Dilly presented the week’s last little mystery. She’d told Chester all about Al’s dance for the Yanks returning to America and he hadn’t said a word, just changed the subject. ‘I thought he hadn’t taken it in at first, Zeld, so I brought it up later and he changed the subject again. He started talking about some singer called Billie Holiday. Anyway, Chester ignored it again just as we were saying good night. Instead of saying anything about the dance, he kept on about how I had to hear this Billie person. Funny thing, this Billie Holiday’s a girl, not a chap like you’d imagine. What do you think, Zeld?’
‘Well, I suppose if you want to call your daughter by a bloke’s name, it’s up to you,’ I answered.
‘No, silly, not about her name, about the fact that Chester keeps changing the subject when I talk about the dance.’
I didn’t know what to think, so we carried on mending her summer coat instead. It had ripped under the arm, and the lining was a mess as well.
‘Zelda …’ Dilly began, trying hard not to look at my bruises, which were fading. ‘What are you going to do about Charlie? You can’t let him go on hitting you. He’ll do for you one of these days, then where will you be?’
‘The cemetery?’ I suggested.
‘Don’t even joke about it, Zeld. It ain’t funny.’
‘I know, Dills. But if I don’t joke, I’ll cry, and what good will that do? The truth is, I don’t know what to do. Zinnia reckons I should think about leaving him, but I don’t know. Where would I go? How could I leave all my family and friends? What would I do for money? It all needs a lot of thinking about. The trouble is, the minute I start thinking, the worse I feel.
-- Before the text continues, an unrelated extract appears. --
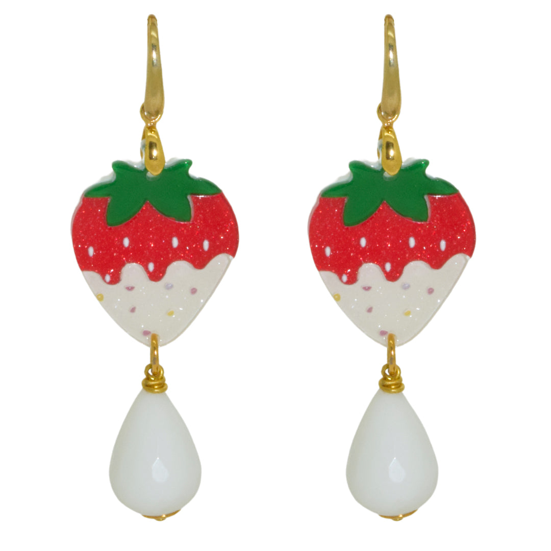 Doux et amusant ! Ces boucles d'oreilles Strawberry Jam sont un véritable régal pour vos oreilles. Les petites fraises associées à la perle sont subtiles mais accrocheuses et féminines.

It all seems so hopeless.’
I snivelled a bit there and stopped talking. I only got upset if I talked about it. What’s more, I couldn’t get used to all these people in the know. Up until the last beating, Charlie’s temper h
ad been our little secret. If you can call it little.
I did try telling another of my friends early on, but all she said was, ‘What, Charlie? Don’t be daft. He’s a laugh, is Charlie, and underneath it all, he’s a right old softy.’ Which showed what she knew. ‘You can’t be treating him right. Try and spice up you-know-what.’ She winked. ‘You know, the bedroom,’ she mouthed, thinking I might be too stupid to understand. I understood all right. I understood that, despite being pals all our lives, she didn’t want to know my troubles. The minute I told her about Charlie, she started cutting me dead in the street. I never really knew why, exactly, except perhaps that I reminded her of her own situation in some way. Her marriage can’t have been a happy one. She was stuck with a man a good bit older than her, who had a nasty squint and managed to dodge the army and any other paid work. He spent a lot of time whining about his lot in life and hardly any time at all trying to do anything about it. Maybe he hit her as well; he certainly called the shots in every other department. She made me realize, though, that Charlie losing his rag and beating me was not the sort of thing most people wanted to hear about. Worse, they were likely to think it was all my fault, that I was a lousy wife.
I had never talked about it again, not until Charlie’s last leave, and even then only reluctantly. Looking back, I can’t for the life of me think why I felt so ashamed. I only know that I did. By rights, it should have been Charlie who felt shame, but he always maintained that I asked for it. But he never told me how, so that I could stop.
16
Mrs Dunmore was unusually scratchy on Friday morning. Nothing and nobody pleased her. She kept us hard at work for every second; we didn’t even have time for the usual fag break. Mrs D. was a nervy sort, thin with sharp features. Her movements were fast and jerky, but often appeared to be without much of a purpose – besides checking up on the rest of us and cracking the whip, that is; she excelled at that.